What you're learning: How to design workflows that are transparent and observable. You're learning to structure AI collaboration so that actions are visible, traceable, and understandable.
Prompt 3: Debugging Through Logs
I want to practice debugging AI work using logs.
Scenario: I had an AI help me with a task, but something isn't working right.
Here's what I know:
- [Describe the problem—tests failing, unexpected behavior, etc.]
- [Share the activity log if available, or describe what the AI did]
Help me debug this by:
1. Reconstructing what likely happened based on the information
2. Identifying the most likely cause of the problem
3. Suggesting what to check or verify
4. Proposing a fix
Then, help me understand: What observability would have made this easier to debug? What should I track next time?

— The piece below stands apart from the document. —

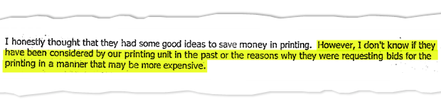 On June 30, five Donnelley executives, including Mr. Waddick, met with several city purchasing officials to continue the discussion about the municipal printing operations. Mr. Ford asked to be kept apprised of the discussions. In minutes obtained by The Globe, Donnelley executives pointed out that the earlier meetings with the Fords resulted in a proposal for "a better way for the city to do things with concern to printing." They added that Mr. Ford toured one of their facilities. Donnelley president Allan Hallis said the firm was also interested in outsourcing the printing for all the city’s agencies, boards and commissions, and offered to do a $20,000 study on potential savings as a pot sweetener. “If they found there were no cost savings, the report would be free,” the minutes noted.

What you're learning: How to use observability to debug problems effectively. You're learning to trace issues through logs, understand agent behavior, and identify what additional visibility would help.
Safety Note
Observability is your defense against unexpected behavior. Always review activity logs when something seems wrong. The more you understand what the AI is doing, the better you can direct it and catch problems early.